Answer
(a) Sn = +4; Cl = -1;
(b) Cr = +6; O = -2;
(c) V = +5; O = -2; Cl = -1;
(d) V = +3; O = -2;
(e) H = +1, N = +5; O = -2;
(f) Fe = +2; S = +6; O = -2;
Work Step by Step
(a) Cl is an halogen, so its oxidation number is likely to be "-1". Since the compound has 4 of them, the total is "-4". To compensate for this, the oxidation number of $Sn$ one should be "+4" (In order to sum up to 0).
(b) The oxygen usually has a "-2" oxidation number, which sum up to "-6" (because the compound has 3 oxygens). Therefore, the "Cr" oxidation number must be equal to "+6".
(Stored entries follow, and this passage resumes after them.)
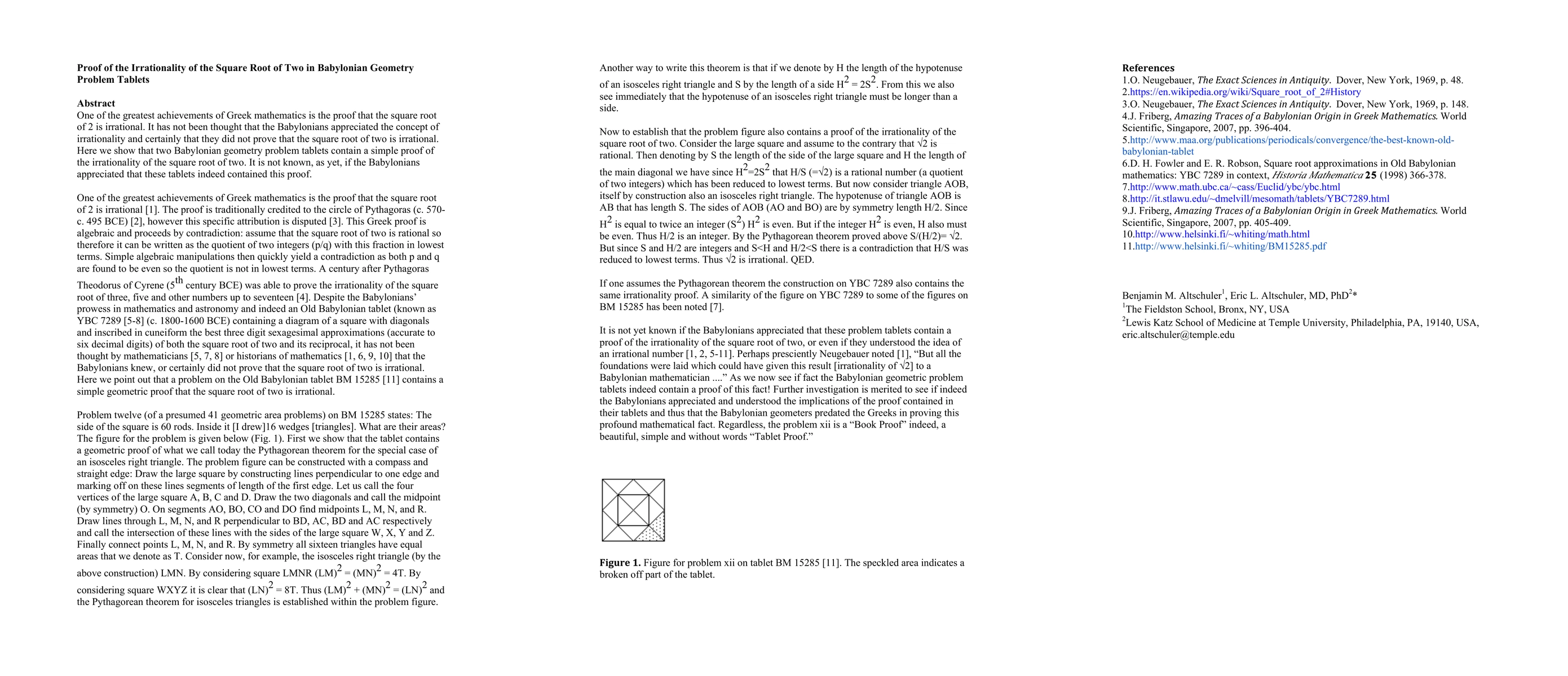 Two Babylonian geometry problem tablets contain an implicit proof of the irrationality of the square root of two, suggesting that the Babylonians may have understood the concept of irrational numbers earlier than previously believed. The discovery raises questions about the extent of Babylonian mathematical knowledge.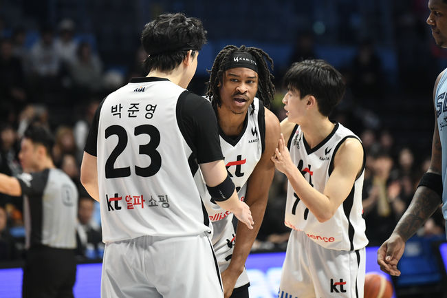 수원 KT는 16일 고양 소노아레나에서 개최된 2025-26 LG전자 프로농구 3라운드에서 고양 소노를 86-85로 이겼다. 11승 11패의 KT는 6위다. 3연패의 소노(8승 14패)는 8위다.
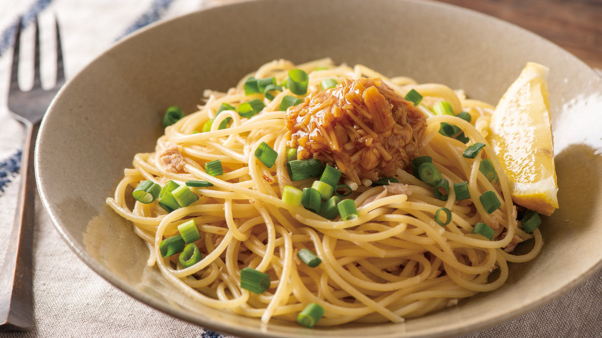 - 皿に3を盛り付けたら、七味なめ茸をトッピングして小ネギを散らす。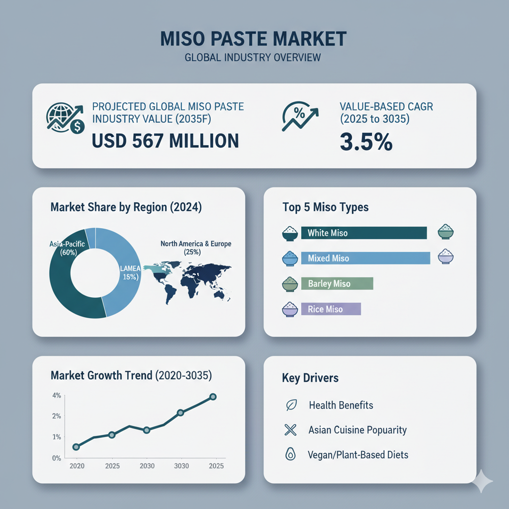 The global miso paste market is entering a vibrant new era of growth, innovation, and opportunity. According to a recent industry report, the global miso paste market was valued at approximately USD 401 million in 2025 and is projected to reach USD 567 million by 2035, growing at a compound annual growth rate (CAGR) of 3.5% over the forecast period.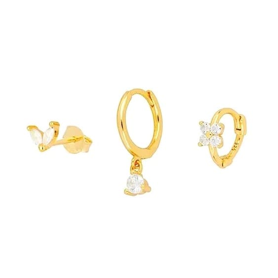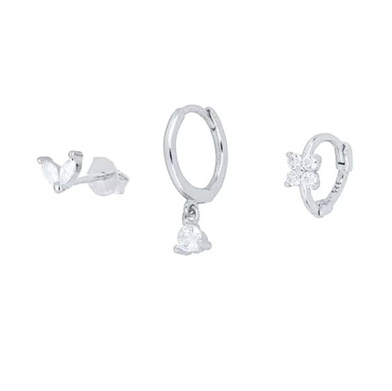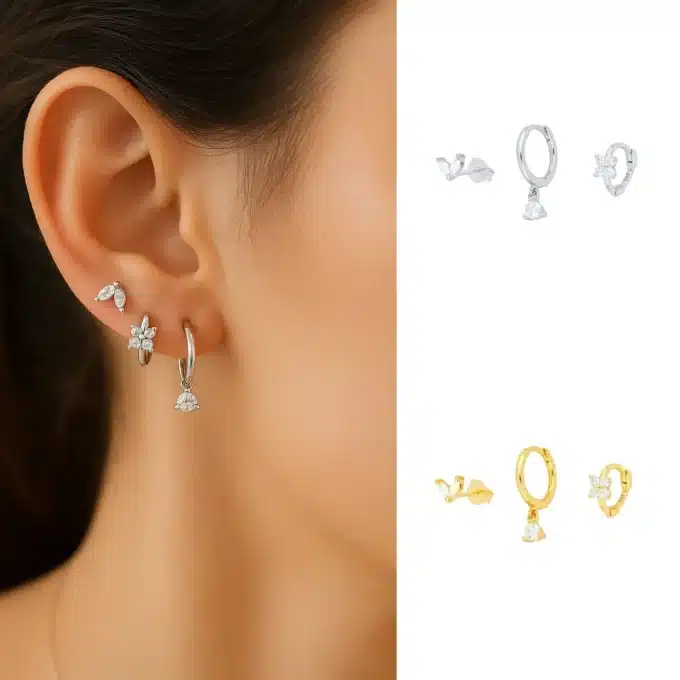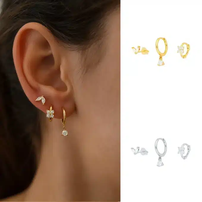 Ce trio de boucles d’oreilles pour femme allie élégance, brillance et délicatesse.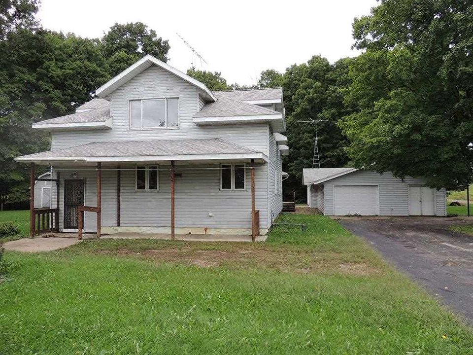 Large rural home situated on 1 acre lot. Very nice sized rooms including on main floor; living room, rec room, dining area, kitchen and 1 bedroom and 1 bath. 2nd floor offer Master bedroom with master bath, 2 other large bedrooms and another full bath. Newer roof and updated vinyl sided on home. 1,572 sq ft garage with garage doors on 3 sides, and heated wood shop, and 16x12 shed for additional. COME SEE!!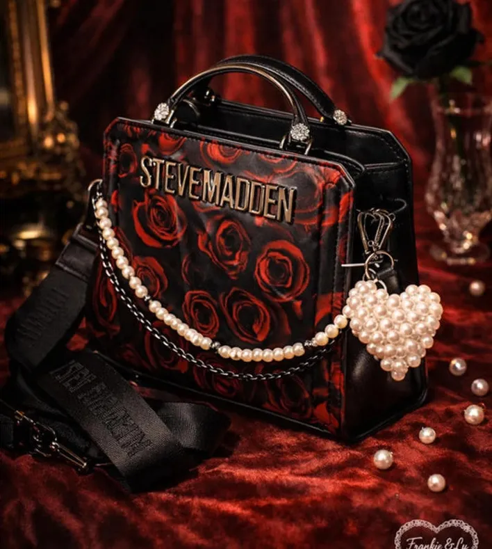 Bold and romantic Steve Madden satchel crossbody featuring an allover red rose print on a sleek blac... Show more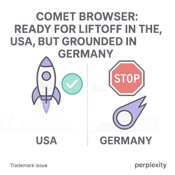 Perplexity AI darf den Namen „Comet” für seinen Browser in den USA aktuell zwar unter bestimmten Auflagen nutzen. In Deutschland und vermutlich auch im restlichen Europa ist die Nutzung jedoch noch untersagt.
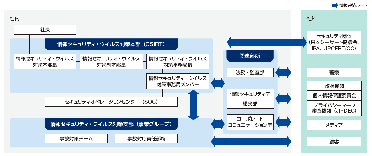 2005年4月、情報セキュリティ担当役員のもと、情報セキュリティに対する取り組みを全社的視点から組織的かつ効果的に企画・推進するために、「情報セキュリティ室」および「情報セキュリティ・ウイルス対策本部」を設置しました。また、全社の情報セキュリティ推進者を招集し、月に一度「セキュリティ委員会」を開催することで、情報漏洩防止を徹底しています。当社の情報セキュリティ関連規程はイントラネットにて全て社内公開し、特に重点項目については「情報漏洩防止12カ条」「個人情報漏洩防止7カ条」として社内に掲示し、周知・徹底しています。また、改正個人情報保護法およびGDPR(EU一般データ保護規則)などの法改正に対して、社内規程を見直し、管理体制と教育を強化して法令遵守に努めています。セキュリティ人財の育成、「セキュア開発・運用ルール」の策定・推進を行い、システム開発・運用のセキュリティ品質向上を実施しています。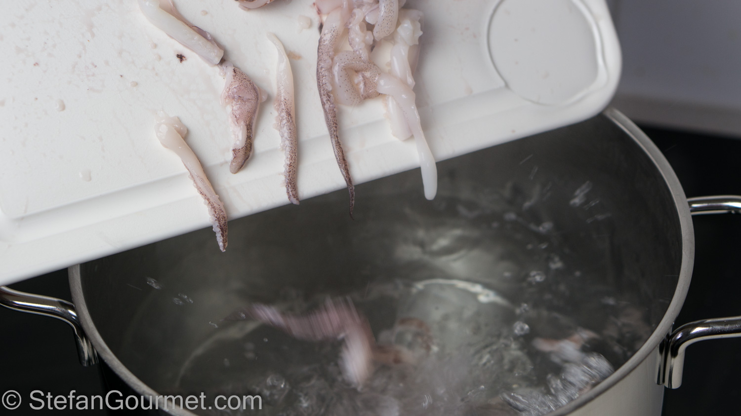 Io di solito non bollisco i tentacoli, li salto direttamente in padella. 🙂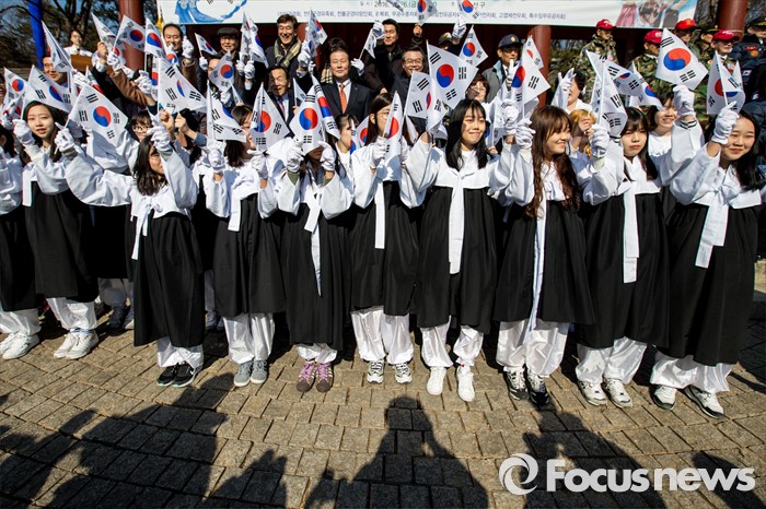 (서울=포커스뉴스) 3.1절을 나흘 앞둔 26일 오후 서울 용산구 효창공원 앞에서 열린 '나라사랑 태극기 만세 행진'에 참가한 성장현 용산구청장을 비롯한 주민들이 태극기를 흔들며 '대한독립 만세'를 외치고 있다.
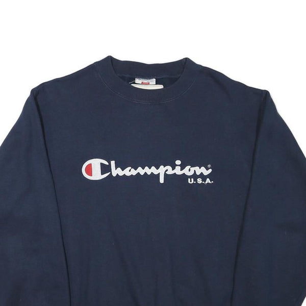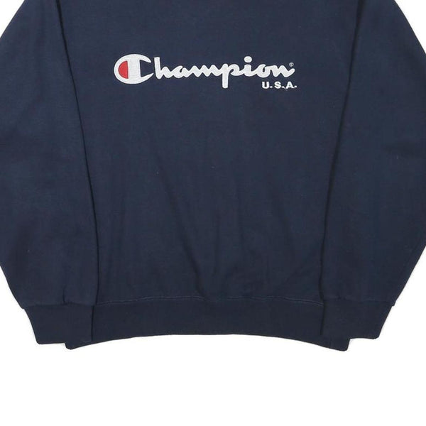 Champion mens navy blue crew neck s cotton blend logo sweatshirt casual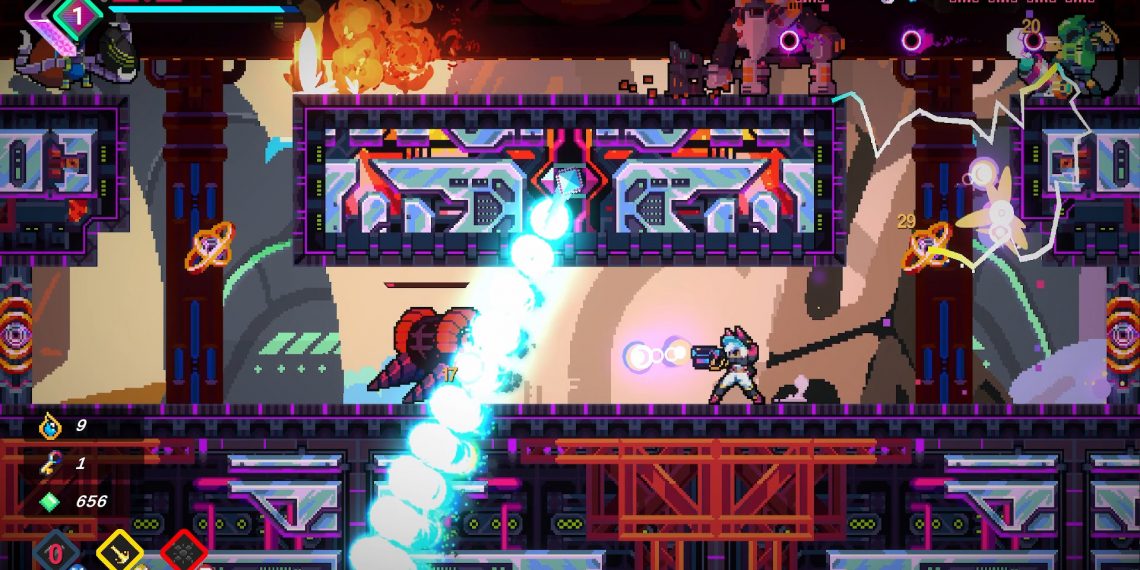 Embora ele tenha uma ou outra pitada de Mega Man, “Elsie” é o tipo de jogo de plataforma que “não tem tempo para nada”. Comece um estágio, seja atacado por dezenas de inimigos, desvie dos seus ataques e tente chegar até o final sem tomar muito dano. Você recebe novas habilidades passivas e ativas à medida em que você avança nas fases, muitas delas mudando o seu estilo de combate ou incluindo novos tipos de armas.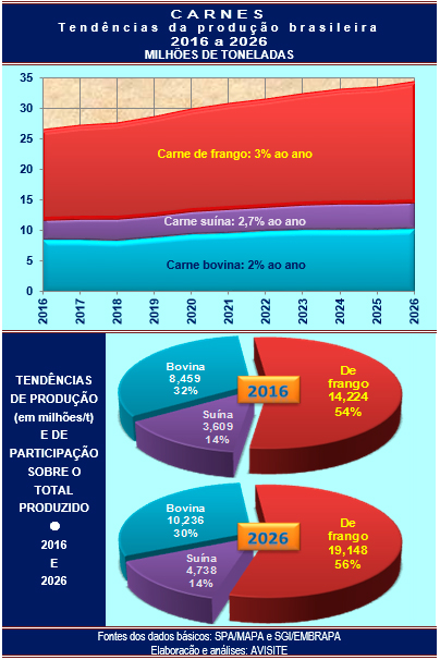 Evoluindo a uma média de 2,6% ao ano, dentro de dez anos a produção brasileira de carnes deve aproximar-se dos 35 milhões de toneladas. Então, a carne de frango – que já responde por mais da metade da produção atual – deverá corresponder a 56% do volume previsto.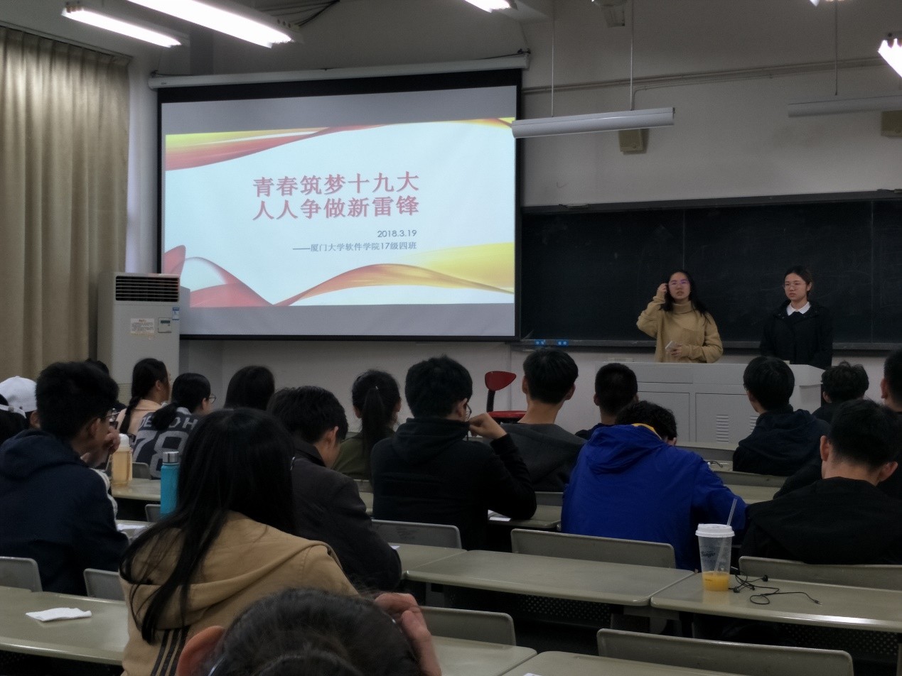 本月十九号下午,本科17级软件学院四班全体团员在海韵教学楼201开展了本学期第一次团课,本次团课不仅鼓励同学们学习、发扬雷锋精神,推动全体团员争做新雷锋、发现并弘扬雷锋事迹,且展开了对党的十九届三中全会及2018年全国两会精神的学习和思考。
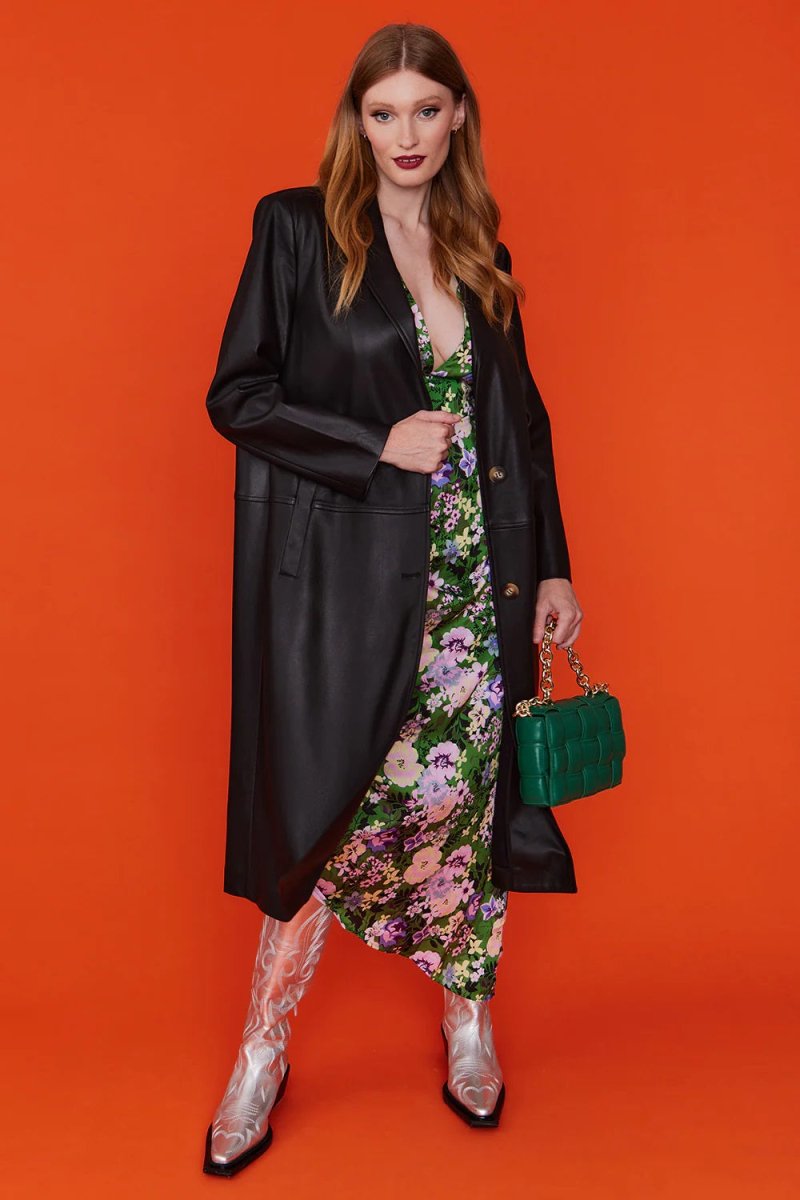 Make a fashion statement with our black eco leather trench coat this winter. From its timeless design to its sustainable materials, this coat has everything you need to stay warm and stylish. Whether you're running errands or attending a special event, this versatile piece will keep you looking chic and feeling comfortable. Elevate your winter wardrobe with a coat that blends fashion and sustainability effortlessly.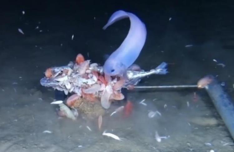可惜它们的游速太快了,水下机器人根本追不上它们,不然还能抓几条回来看看。不过也不是一无所获,水下机器人抓了一种甲壳类生物,外表像没有头部的虾子。全身呈红色,就像烧熟了一样。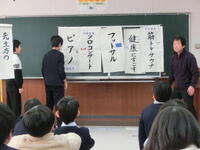 元気な声で今年最後の校歌を歌った後、校長先生からは、新年の干支「馬」にちなんで、新年の目標についてのお話がありました。その後の生徒指導の先生からのお話では、先生方の冬休みの目標クイズがありました。先生方のいろんな2週間の過ごし方を楽しく知ることができました。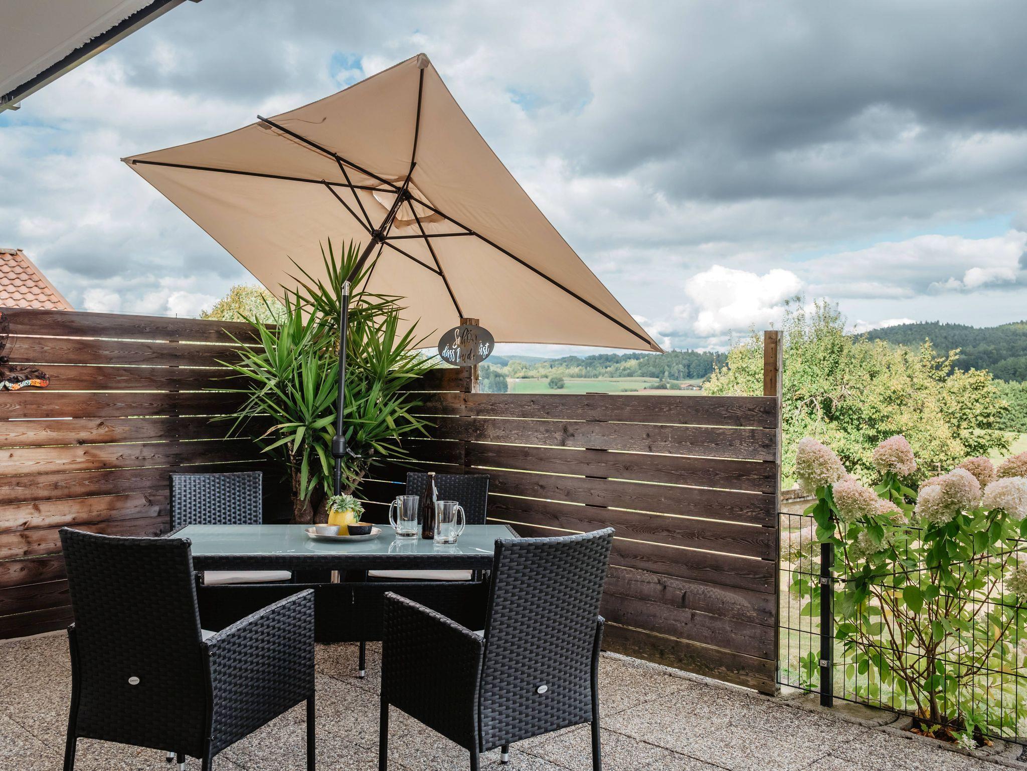 Ferienhaus zur Weinlaube, Ferienwohnung Sonnenblume (85qm) im EG mit überdachter Terrasse und herrlichem Ausblick!

(c) Each "Cl" usually gives a "-1" oxidation number, and an oxygen gives "-2", which gives a total of ((-1)*3 + (-2) = -5). To compensate for this, the oxidation number of the "V" should be equal to "+5".
(d) The oxygen usually has a "-2" oxidation number, which sum up to "-6" (because the compound has 3 oxygens). Therefore, the total "V" oxidation number must be equal to "+6", since the compound has 2 of them, the oxidation number for each "V" must be "+3" (6/2).
(e) Normally, the hydrogen gives "+1", and each oxygen gives "-2", which gives us a total of (+1 + 3*(-2) = 1 - 6 = -5). To compensate for this, the "N" oxidation number must be equal to "+5".
(f) In this case, we have a "$SO_4^{2-}$" anion,, and a "$Fe^{2+}$" cation (The charge of the iron ion should be 2, in order to sum up to 0 with the "-2" from the sulfate)
The Iron oxidation number is "2+", because it is the only atom in the $Fe^{2+}$ ion.
Since each oxygen gives a "-2" oxidation number, and this compound contains 4"O", the total value is equal to "-8". The sum must be equal to "-2", which is the charge of the anion $SO_4^{2-}$. Therefore, the "S" oxidation number must be equal to "+6".